Dataset content:

....................

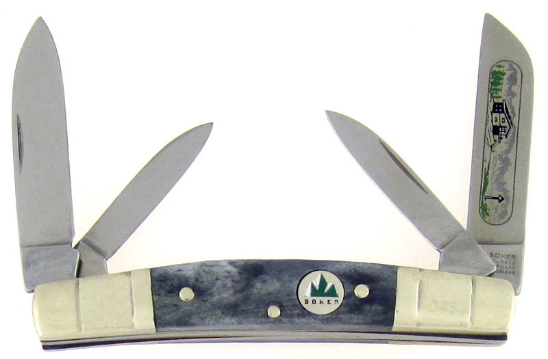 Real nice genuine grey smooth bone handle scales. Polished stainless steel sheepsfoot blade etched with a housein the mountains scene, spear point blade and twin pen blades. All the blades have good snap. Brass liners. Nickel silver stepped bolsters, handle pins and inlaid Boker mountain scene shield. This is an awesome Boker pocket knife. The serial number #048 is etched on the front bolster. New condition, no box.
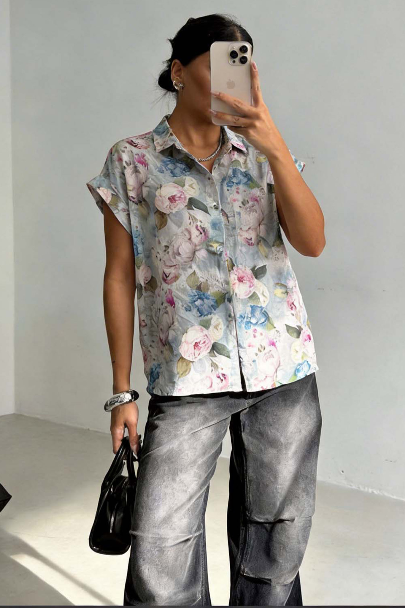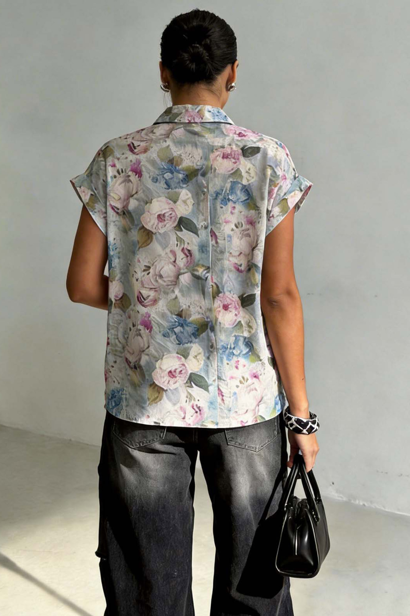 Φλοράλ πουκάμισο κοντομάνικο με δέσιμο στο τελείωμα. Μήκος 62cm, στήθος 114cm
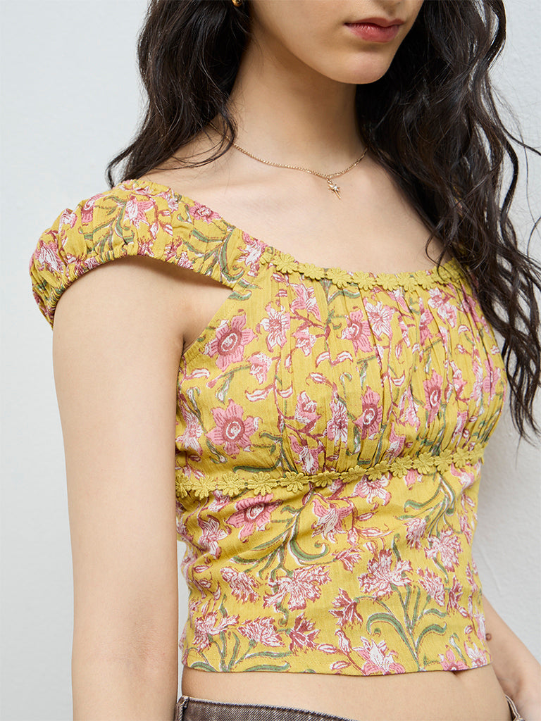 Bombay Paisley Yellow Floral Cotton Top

....................

Your task:
When you reach an image, pass over it, and retype all other material exactly.

Response box:
 Real nice genuine grey smooth bone handle scales. Polished stainless steel sheepsfoot blade etched with a housein the mountains scene, spear point blade and twin pen blades. All the blades have good snap. Brass liners. Nickel silver stepped bolsters, handle pins and inlaid Boker mountain scene shield. This is an awesome Boker pocket knife. The serial number #048 is etched on the front bolster. New condition, no box.
 Φλοράλ πουκάμισο κοντομάνικο με δέσιμο στο τελείωμα. Μήκος 62cm, στήθος 114cm
 Bombay Paisley Yellow Floral Cotton Top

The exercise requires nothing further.